### AVAILABLE RECORDS
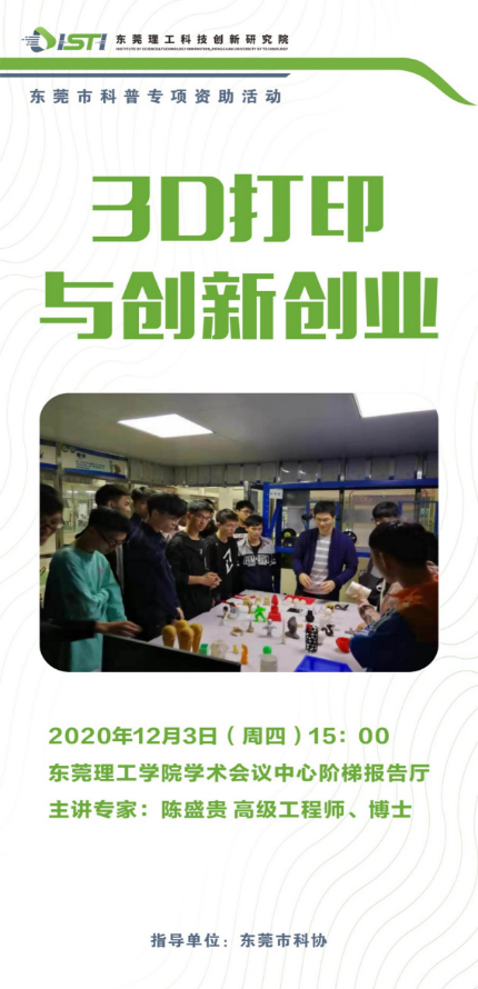 本次讲座将邀请东莞理工学院3D打印与智能制造研究中心陈盛贵高工为大家讲授3D打印在创新创业的应用及概述。欢迎东莞理工学院广大师生亲临科普讲座现场,一起学习和探讨3D打印的工艺技术、发展前景以及在智能制造方面的应用。
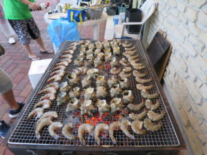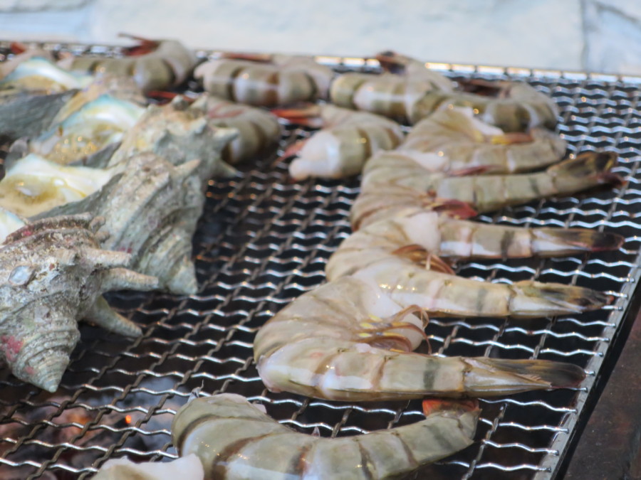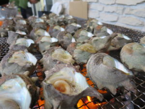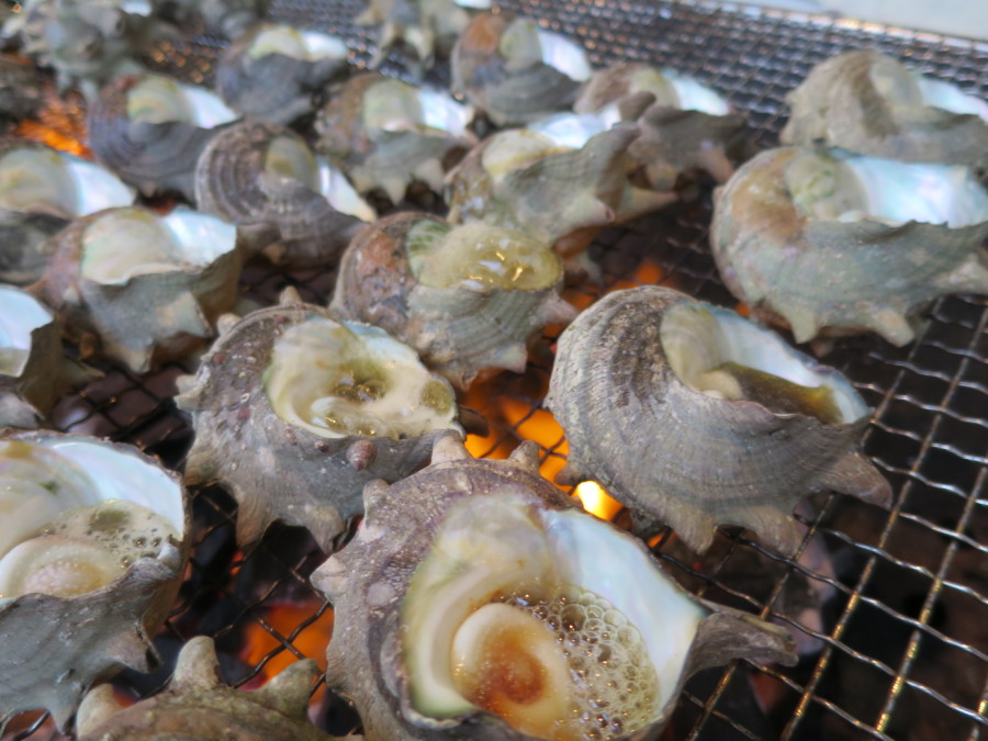 サザエのつぼ焼き、ステーキ、焼き海老、烏賊焼き、たい焼きなどなど
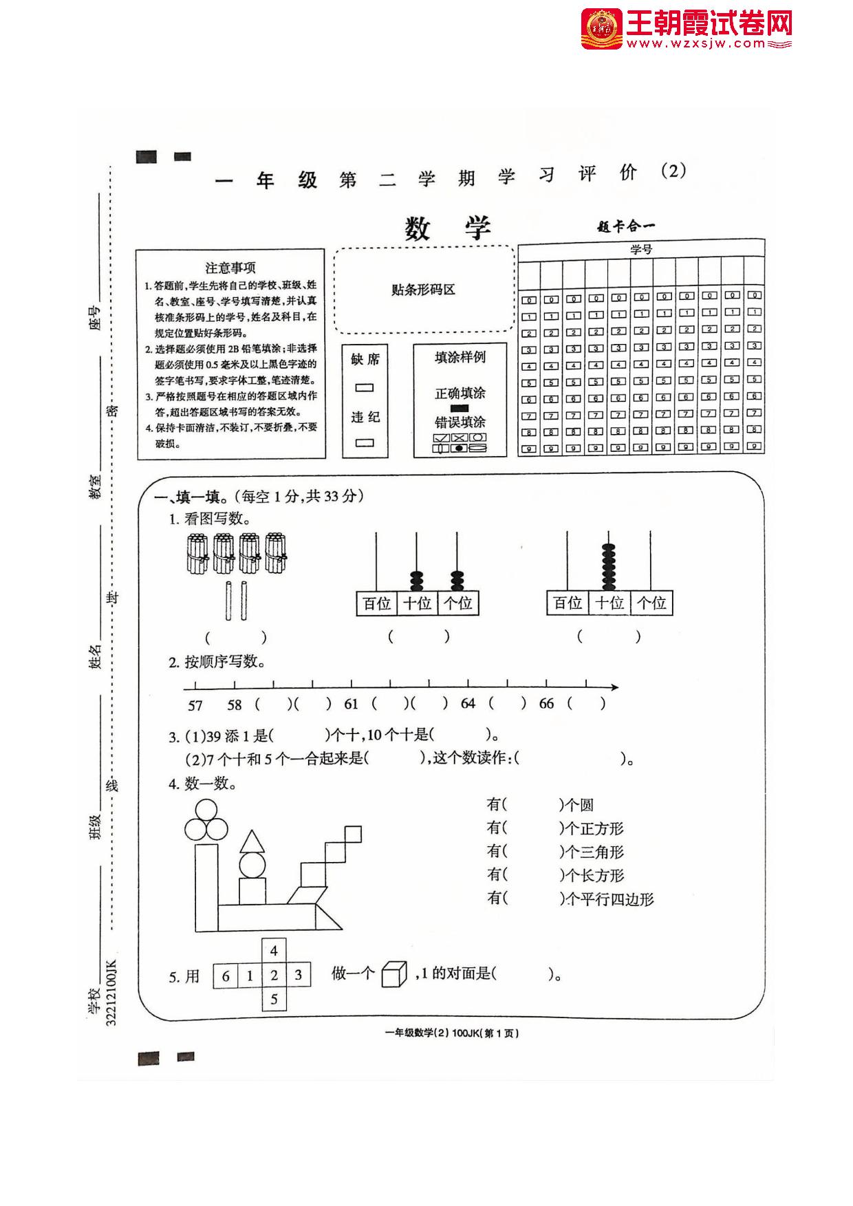 吉林省白城市通榆县第一大学区2022-2023学年下学期期中考试试卷一年级数学(人教版)
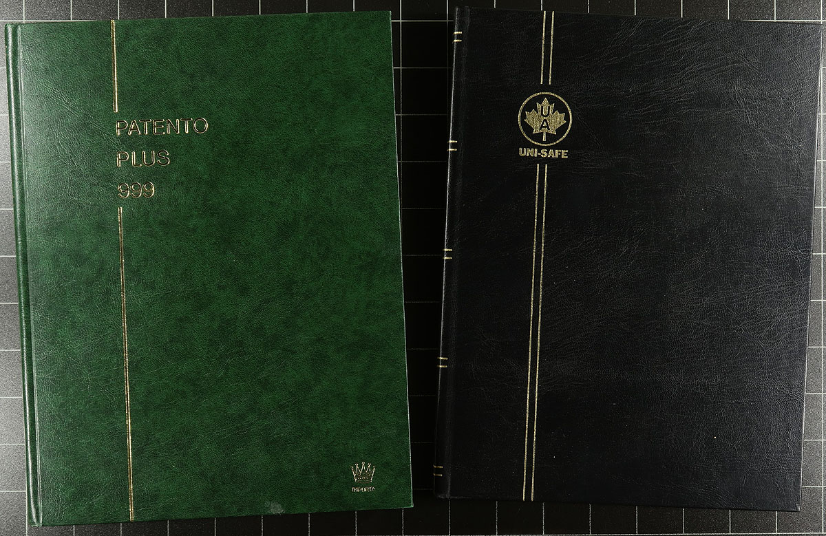 Group of useful supplies, including 6 stockbooks (various configurations), 6 cover albums (including a few for longer sized envelopes), and an album with quadrille pages specified for roughly 35 different countries. Items range from used to like new condition, just waiting to be put back into circulation. Estimate =
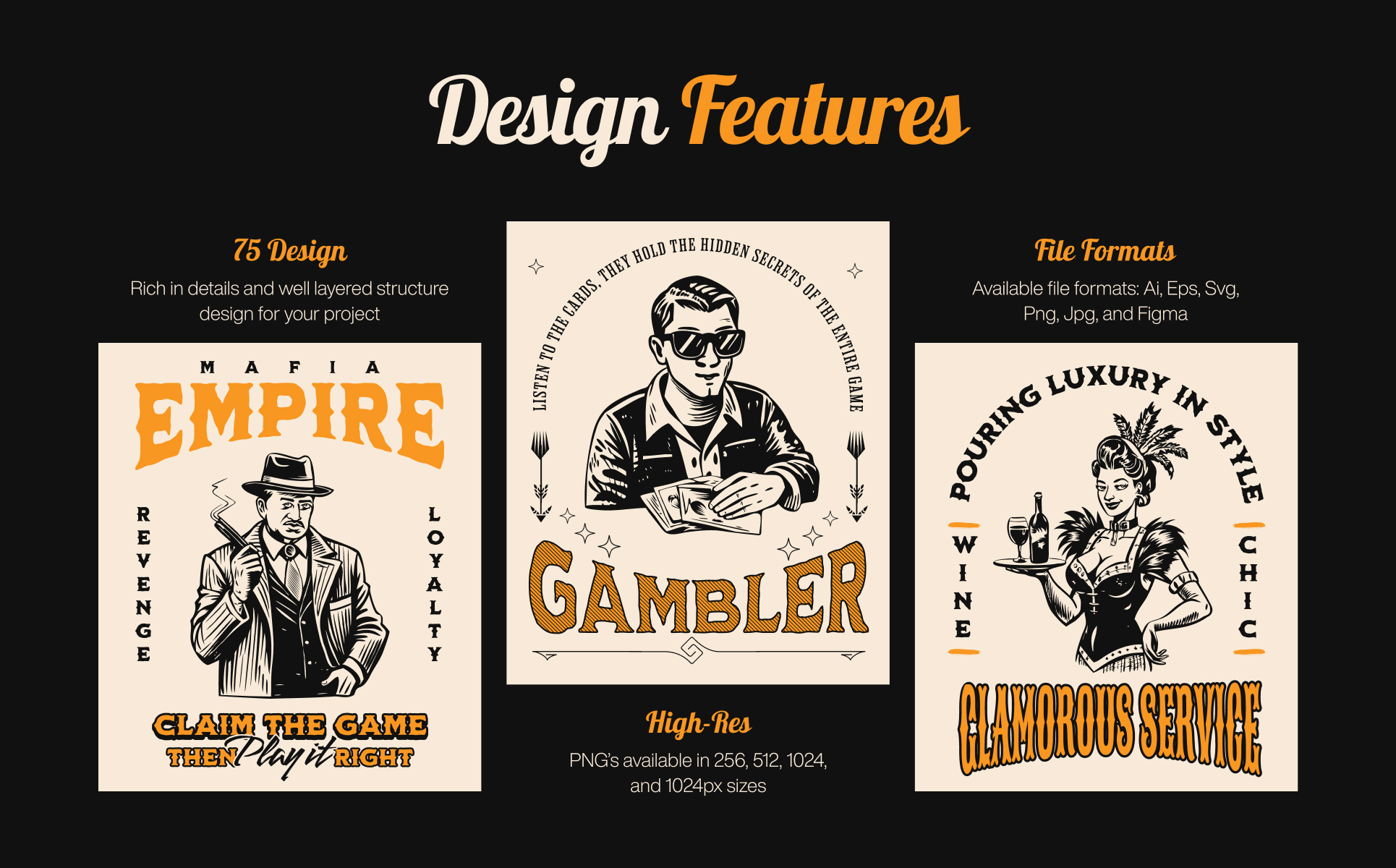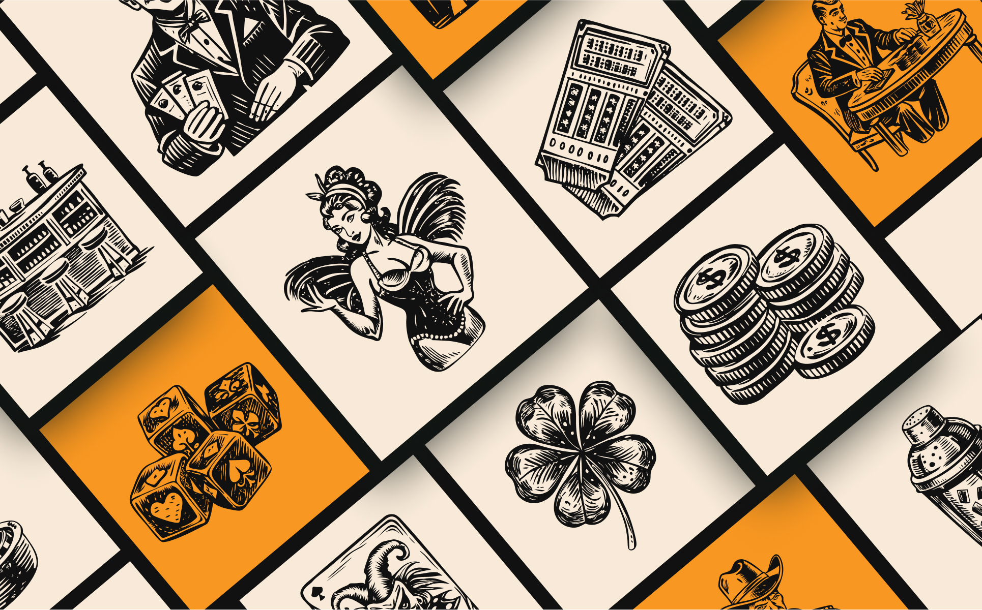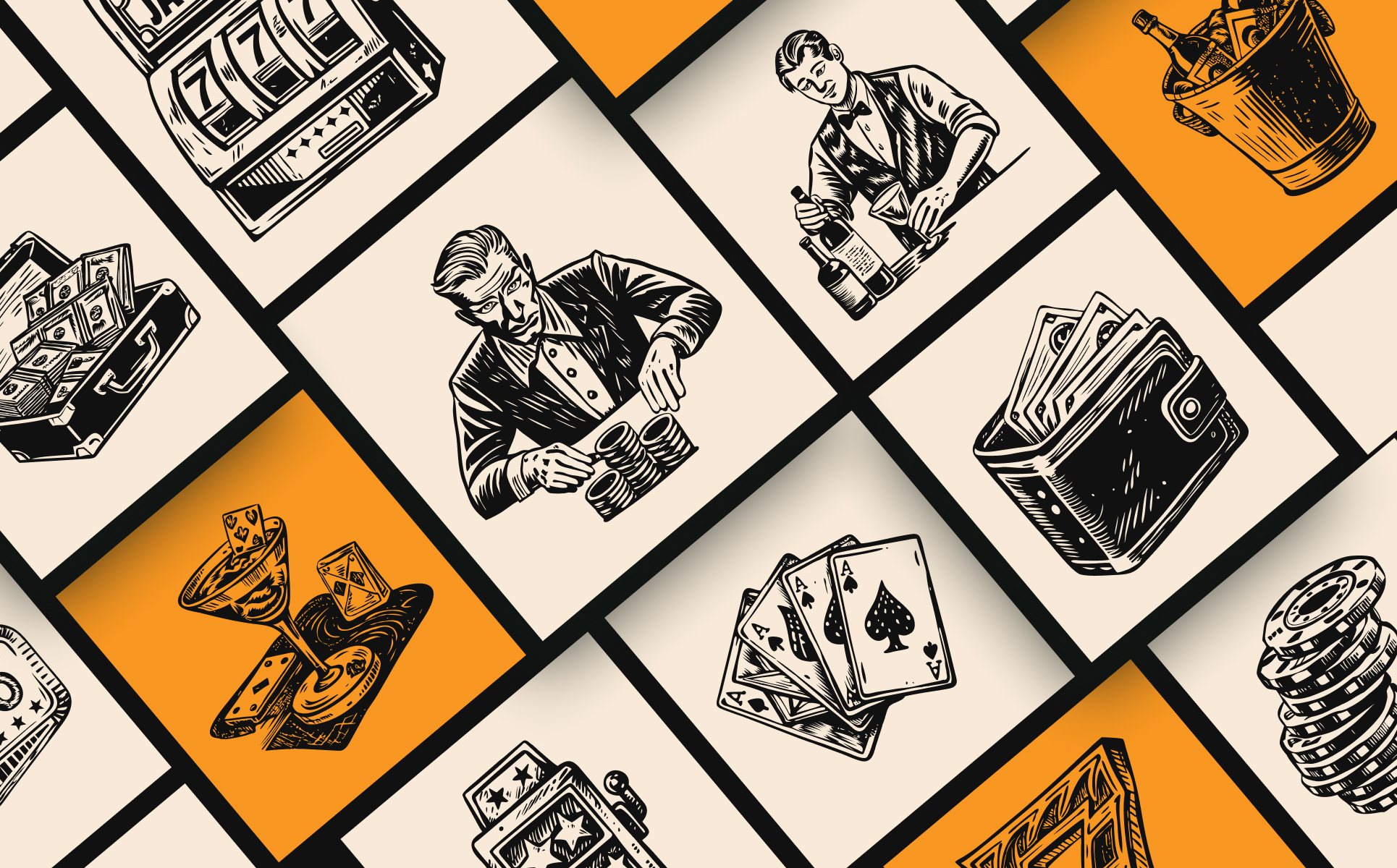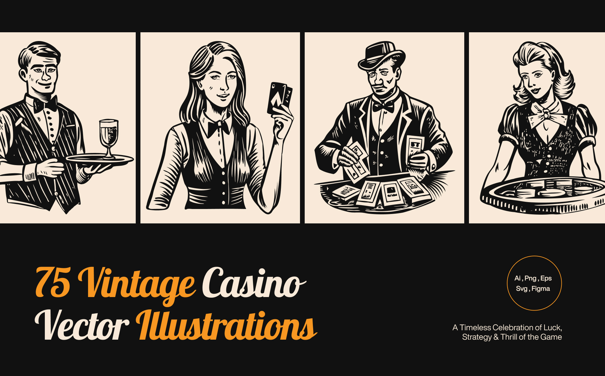 Step into the golden age of gambling with this Vintage Casino Vector Set! Featuring classic casino elements like poker chips, playing cards, dice, money stacks, and more—all designed in a sketchy, high-quality vector style. Whether you're creating casino branding, gambling-themed posters, websites, or merchandise, these vector graphics will bring a touch of timeless casino charm to your work.
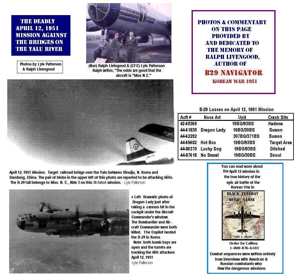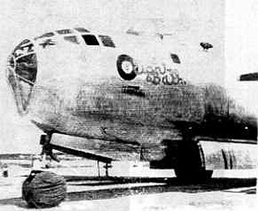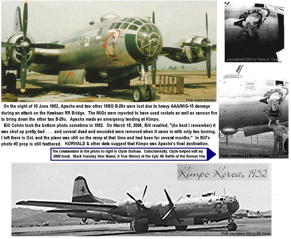 Apache [1902] 19BG-28BS: Although KORWALD lists this tail number as unknown, a crewmember who was flying his last mission wrote that Apache was severely damaged by AAA and MiG cannon fire while bombing the Kwakson RR Bridge on 10 June 1952.  This was the same night that two other B-29s, Hot to Go and Miss Jackie the Rebel were shot down over the same target. In March 2006 Bill Colvin verified (with photo) that Apache made it to Kimpo (K-14) with wounded aboard and was, in fact, the B-29 reported, sans tail number (see KORWALD report). Bill’s email & photo finally brought all of the pieces of the puzzle together.
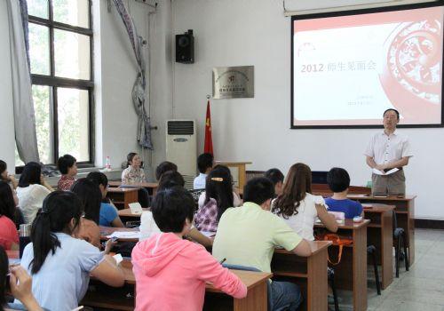 2012年9月5日,对外汉语研究中心2012级新生导师见面会在主北253举行。今年,中心又迎来42名中国硕士研究生,12名外国硕士研究生。中心负责学生工作的王建勤教授对2012级新生的到来表示热烈欢迎,并向同学们介绍了中心的情况。之后,中心的导师们依次介绍了自己的研究领域和研究方向、也对学生提出了希望和要求。在介绍中,有的老师风趣幽默,引得同学阵阵笑声;有的老师虽然言词朴实,但句句真理,让大家获益匪浅。见面会的气氛温馨而热烈,中心老师谦虚严谨的风格深深地感染了在场的每一位同学。

### WORK ITEM
Pictures stay out. Print the data exactly, from its first line through the line containing "Group of useful".

### TASK RESULT
 本次讲座将邀请东莞理工学院3D打印与智能制造研究中心陈盛贵高工为大家讲授3D打印在创新创业的应用及概述。欢迎东莞理工学院广大师生亲临科普讲座现场,一起学习和探讨3D打印的工艺技术、发展前景以及在智能制造方面的应用。
 サザエのつぼ焼き、ステーキ、焼き海老、烏賊焼き、たい焼きなどなど
 吉林省白城市通榆县第一大学区2022-2023学年下学期期中考试试卷一年级数学(人教版)
 Group of useful supplies, including 6 stockbooks (various configurations), 6 cover albums (including a few for longer sized envelopes), and an album with quadrille pages specified for roughly 35 different countries. Items range from used to like new condition, just waiting to be put back into circulation. Estimate =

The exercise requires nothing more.